The latest shipping confidence survey of think tank Moore Stephens shows that in the three-month period to February 2014, shipping stakeholders, including ship owners, charterers, managers, and brokers, think freight rates look set to improve or maintain existing levels over the next months.
In the container ship sector, more respondents are very optimistic about freight prices increasing, expecting rates to rise over the coming 12 months, the survey results indicated.
The mood of improving confidence evident in many of the responses to the survey was tempered by an awareness of the difficulties which the industry still faces.
The poll outcome showed that the threat posed by over-tonnaging has eased, although a number of respondents still believe the surfeit of ships could impact on the fortunes of the market.
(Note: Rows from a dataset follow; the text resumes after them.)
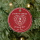Garnet feiert 2 Jahre Liebe Hochzeitstag und Foto zurück Ornament. Einfache Kontur Herzstein Linie Grafik dunkelrot und weiß 2nd Garnet Hochzeitsanfang Schmuck. Passen Sie Ihr Ornament mit Ihren eigenen Namen, den Namen, den Terminen zum Hochzeitstag und einem besonderen Foto auf der Rückseite an. Das 2. Jubiläum ist mit Garnet assoziiert und das Herz symbolisiert Liebe. Weitere passende Gegenstände und Hochzeitsfeiern sind erhältlich. Grafik und Design von Sarah Trett für www.mylittleedenweddings.com auf Zazzle.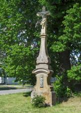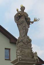 s reliéfem sv.Jana Nepomuckého Na kostele 1605 Památník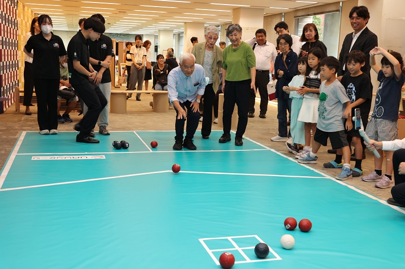 オープニングセレモニーでは、「ほとりで」ロゴの除幕式および大通りに面する入口の開場後、地域の方約80人が来場し、森之宮病院の講演会やWell-being共創研究センターによるボッチャ体験会、ボランティアセンターによるラクガキペイントキッズなどに参加されました。

The likelihood of respondents making a major investment or significant development over the next 12 months was unchanged from the previous survey. A number of respondents referred to “niche” opportunities as areas for possible expansion.
Demand trends, competition, and finance costs once again featured as the top three factors cited by respondents overall as those likely to influence performance most significantly over the coming 12 months.
A number of respondents also referred to the rising cost of fuel as a significant performance-affecting factor.
“Six years is a long time in shipping. Indeed, based on empirical evidence, it is long enough to qualify as a cycle in what is an historically cyclical industry,” Moore Stephens shipping partner Richard Greiner says.
“It is perhaps too soon to say that we have reached the end of the most recent downward cycle, but it seems that the worst may be over. This latest survey finds confidence in shipping at its highest level since 2008, with genuine prospects for further improvement over the next twelve-to-eighteen months.”
Greiner said the outlook for the box ship sector was brighter than at any time in recent memory, as fears about over-tonnaging have been eased by increased scrapping and by a more pragmatic approach to business expansion.
“Despite continuing difficulties in certain parts of the world, some of the volatility has been taken out of the global economic and political crises which have characterized the passage of the past few years. That is good for trade and good for shipping,” he concluded.